Standard Chartered goes live on CLSNet
CLS announced today that Standard Chartered, a leading international cross-border bank, has gone live on CLSNet, its automated bilateral payment netting calculation service for over 120 currencies.
CLSNet standardizes and automates post-trade matching and netting processes, delivering risk mitigation, liquidity optimization and operational efficiencies for currency flows outside of CLSSettlement, including emerging market and developing economy (EMDE) currencies and same-day trades.
Adoption of CLSNet has continued to grow significantly, with the service recording an average daily netted value1 of USD169 billion in the first half of 2025, up 18% compared to the same period in 2024. The CLSNet community now includes the top 12 global banks, alongside a growing roster of regional banks, funds, corporates and non-bank financial institutions.
As settlement risk in the FX market remains a focus, particularly in EMDE currencies and other growing segments, market participants are looking for ways to mitigate risk effectively via automated post-trade services such as CLSNet. The service reduces payments exposed to settlement risk by centralizing, standardizing and automating the netting calculation process. Demand for CLSNet continues to grow, particularly among financial institutions seeking to align with the best practices outlined in Principle 35 of the FX Global Code.2
“By leveraging CLSNet capabilities, we’ll deliver safer, faster and more efficient post-trade processing—freeing up intraday liquidity and reducing settlement risk for our clients.”

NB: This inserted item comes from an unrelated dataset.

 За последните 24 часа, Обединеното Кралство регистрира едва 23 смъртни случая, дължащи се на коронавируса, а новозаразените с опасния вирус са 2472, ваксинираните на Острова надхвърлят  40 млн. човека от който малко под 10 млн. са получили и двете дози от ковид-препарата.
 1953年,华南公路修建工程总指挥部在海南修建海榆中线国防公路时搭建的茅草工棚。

Alongside Standard Chartered, several Asian banks are joining the service. CTBC, the Hong Kong branch of a Taiwanese commercial bank, has gone live on CLSNet, meanwhile Maybank, a Malaysian bank, and Taishin, one of the largest commercial banks in Taiwan, have also committed to joining the CLSNet network to mitigate settlement risk within Asian currencies, particularly USD/CNH.

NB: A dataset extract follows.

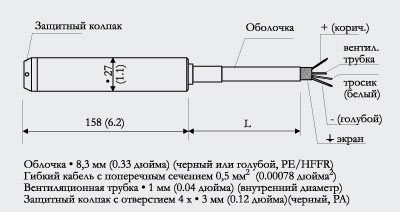 These pressure transmitters are equipped with an electronic circuit fitted together with the sensor in a stainless steel housing. The cable also contains a strength cord and vent pipe.

Lisa Danio-Lewis, Chief Growth Officer, CLS commented: “We are delighted to welcome Standard Chartered, CTBC, Maybank and Taishin to the CLSNet community. We are seeing increased demand for proven solutions to address the challenges facing the FX market. As more participants join CLSNet, the resulting network effect will deliver even greater risk reduction and efficiency benefits for all users.”
Tony Hall, Global Head of Global Markets, Standard Chartered commented: “Standard Chartered is proud to join CLSNet, reaffirming our commitment to strong risk management, liquidity efficiency and operational excellence in FX. This step aligns with our role as a signatory to the Global FX Code and our ambition to be the leading Emerging Markets FX house. By leveraging CLSNet capabilities, we’ll deliver safer, faster and more efficient post-trade processing—freeing up intraday liquidity and reducing settlement risk for our clients. Another stride towards world-class infrastructure, smarter execution, and market leadership.”
1 Netted value refers to bilateral net payment amounts calculated by CLSNet.2 Principle 35 states, inter alia:
Where practicable, Market Participants should eliminate Settlement Risk, for example by using settlement services that provide PvP settlement.
Where Settlement Risk cannot be eliminated, Market Participants should reduce the size and duration of their Settlement Risk as much as practicable. The netting of FX settlement obligations (in particular the use of automated netting systems) is encouraged.